▶ [DATA FOR PROCESSING]

....................

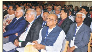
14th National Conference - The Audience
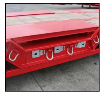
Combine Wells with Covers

....................

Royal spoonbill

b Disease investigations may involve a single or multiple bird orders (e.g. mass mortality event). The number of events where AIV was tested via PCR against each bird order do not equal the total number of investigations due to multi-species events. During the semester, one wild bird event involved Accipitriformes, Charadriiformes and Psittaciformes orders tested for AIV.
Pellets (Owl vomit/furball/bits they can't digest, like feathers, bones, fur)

....................

▶ [WORK ORDER] Start at the line containing "14th National Conference - The Audience" above and stop at the line containing "Combine Wells with Covers". Output those lines exactly, both included, but none of the pictures.

▶ [WRITTEN RESPONSE]
14th National Conference - The Audience
Combine Wells with Covers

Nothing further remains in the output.